Countryside vs Seaside vs City: Where would you rather live?
Are you more drawn to a calm ocean breeze, luscious green landscapes or the hustle and bustle of city life? Where you choose to live and settle down can depend on a number of things such as family and work commitments. However, if your biggest commitment is to your happiness then where you live could impact on your overall wellbeing.
Ultimately, there are lots of factors which could affect your happiness and life expectancy. However, our research suggests that people who live in certain areas of the UK tend to be happier and live longer than others.
We analysed data from over 400 cities, counties, regions and districts across England, Wales, Scotland and Northern Ireland. The study evaluated three factors of overall wellbeing including life satisfaction, happiness and how worthwhile people felt about the things they do in their life. Our findings have revealed that people who live in the countryside not only have higher levels of overall wellbeing but also have a higher life expectancy.
So, where is the best place to live in the UK?
If it’s overall wellbeing you are looking for, then the best place to live in the UK is Rushmoor. This is somewhat surprising considering it’s an urban area, mostly made up of the towns of Farnborough and Aldershot, and not a typical countryside location. However, the district in Hampshire came out on top for each of our ranking factors, suggesting that people who live here are more satisfied with their lives than anywhere else in the UK.

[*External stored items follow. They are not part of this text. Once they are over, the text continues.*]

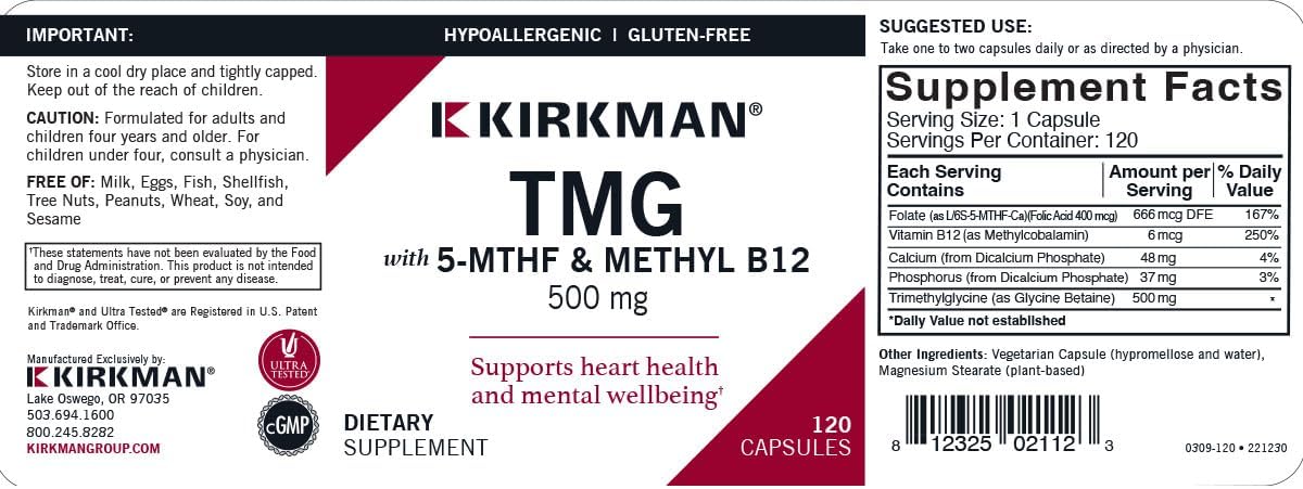 About this item CARDIOVASCULAR SUPPORT: Trimethylglycine (TMG) supports methylation, methionine metabolism, folate chemistry, and is an immune system modulator.* IMMUNE SYSTEM SUPPORT: As an immune support supplement, TMG strengthens the immune system by soothing the adrenal glands in times of stress.* SAFE FOR DAILY USE: Take 1-2 capsules daily or as directed by your physician. PURE QUALITY: Kirkman Ultra Tested standards far exceed industry standards and government requirements.* HYPOALLERGENIC: Does not contain gluten, casein, milk, eggs, peanuts, tree nut allergens, fish allergens, shellfish, soy, wheat, or sesame. See more product details,CARDIOVASCULAR SUPPORT: Trimethylglycine (TMG) supports methylation, methionine metabolism, folate chemistry, and is an immune system modulator,IMMUNE SYSTEM SUPPORT: As an immune support supplement, TMG strengthens the immune system by soothing the adrenal glands in times of stress,SAFE FOR DAILY USE: Take 1-2 capsules daily or as directed by your physician,PURE QUALITY: Kirkman Ultra Tested standards far exceed industry standards and government requirements,HYPOALLERGENIC: Does not contain gluten, casein, milk, eggs, peanuts, tree nut allergens, fish allergens, shellfish, soy, wheat, or sesame
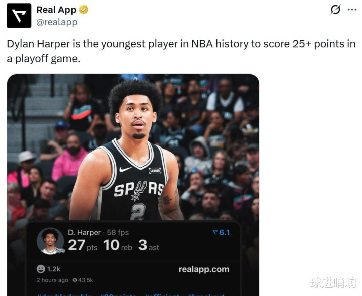 第三节亦然哈珀单节驾御12分指引马刺队承接完成反超,单节拿下12分也让哈珀卓越吉诺比利创造马刺队史少壮单节得分记录。 同期27分不仅创造哈珀单场得分新高,也让其成为NBA历史上拿下25+得分最年青的球员。
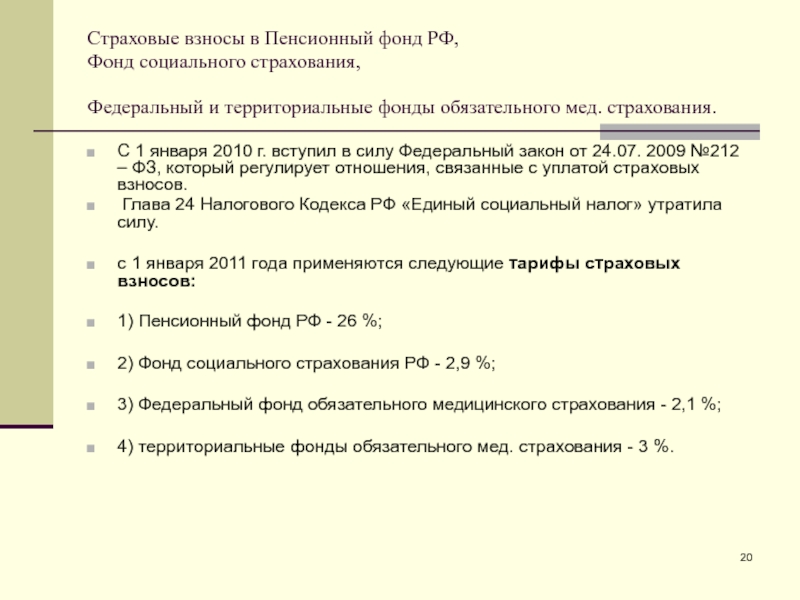 г. вступил в силу Федеральный закон от 24.07. 2009 №212 – ФЗ, который регулирует отношения, связанные с уплатой страховых взносов.

Rushmoor is in the South East of England and has easy access to major cities, including London, areas of outstanding natural beauty and the coast in under 1 hour 30 minutes. With everything you need right on your doorstep, does this make Rushmoor the most perfectly placed district to live in the UK? Whatever it is, the people of Rushmoor seem pretty happy to be there.
Although Rushmoor came out on top as the best place to live for overall satisfaction, there were some close contenders. With countryside and coastal living dominating the top 10, Lichfield was the only city considered to be one of the best places to live in the UK.
The top 10 places to live in the UK for overall satisfaction
Where is the worst place to live in the UK?
At the other end of the spectrum, South Holland came out as the worst place to live in the UK for overall life satisfaction. Not only that, but it also came out as the worst coastal area in the UK for life satisfaction, worthwhile and happiness.
Does this mean I should stay away from the coast?
Not at all! According to the overall wellbeing score, life on the coast came second to country living, ahead of urban areas or city living which is the worst type of place to live for overall satisfaction.
Copeland, in Cumbria, proved to be the happiest coastal area to live in the UK and with the lure of the Lake District right on the doorstep, it’s not hard to see why.
If country living is the best, where should I live in the country?
Bolsover came out as the best place to live in the countryside, with Newry, Mourne and Down, Ribble Valley and Taunton Dean featuring in the top 10 places to live for overall satisfaction. However, if it’s life satisfaction you’re after, you may want to stay away from Pendle… Perhaps the haunting history of the Pendle witches has made residents somewhat less satisfied with their lives.
Additionally, countryside living came out on top for life expectancy, with the average person expected to live until almost 82. Of course, this does not take into account personal health problems or other causes of death. But it could suggest that the peace and open air of the countryside influences your happiness which may help you live longer.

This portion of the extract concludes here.